### PROBLEM REQUIREMENTS
Look through the data below for the line with "rezerve, care timp" and the line with "Kmetje so dobro", then output those two and all lines in between, exactly as written.

### PROVIDED ENTRIES

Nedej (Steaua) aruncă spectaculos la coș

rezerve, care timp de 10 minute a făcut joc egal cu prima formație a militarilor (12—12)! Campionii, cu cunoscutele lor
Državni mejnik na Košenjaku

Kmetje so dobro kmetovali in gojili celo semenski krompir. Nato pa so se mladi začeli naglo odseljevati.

...

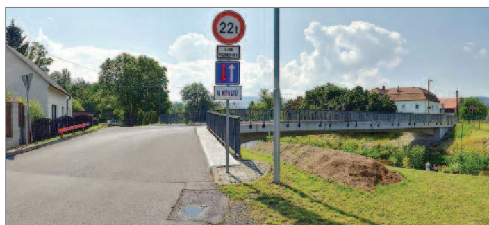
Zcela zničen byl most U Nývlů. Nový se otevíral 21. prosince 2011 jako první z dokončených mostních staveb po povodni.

### ANSWER TO THIS EXERCISE
rezerve, care timp de 10 minute a făcut joc egal cu prima formație a militarilor (12—12)! Campionii, cu cunoscutele lor
Državni mejnik na Košenjaku

Kmetje so dobro kmetovali in gojili celo semenski krompir. Nato pa so se mladi začeli naglo odseljevati.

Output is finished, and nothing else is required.